> [REQUIRED ACTION]: Among the lines below, a stretch begins at the one with "Aya ønsker tillykke med fødselsdagen :o)" and ends at the one with "Fredag d. 1.". Repeat that stretch exactly, ends included.

> [RECORDS PROVIDED]:
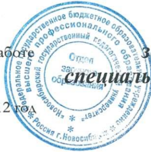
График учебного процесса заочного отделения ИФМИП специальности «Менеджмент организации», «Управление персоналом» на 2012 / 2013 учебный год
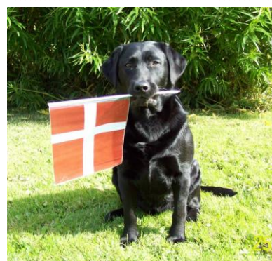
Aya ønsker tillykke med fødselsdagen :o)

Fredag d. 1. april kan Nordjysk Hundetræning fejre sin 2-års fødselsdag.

* * *

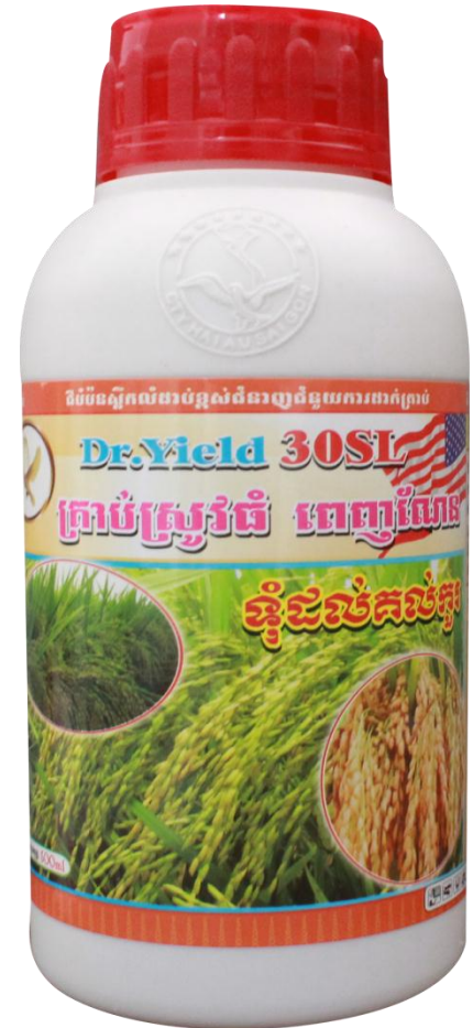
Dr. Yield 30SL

> [OUTPUT FOR THIS TASK]:
Aya ønsker tillykke med fødselsdagen :o)

Fredag d. 1. april kan Nordjysk Hundetræning fejre sin 2-års fødselsdag.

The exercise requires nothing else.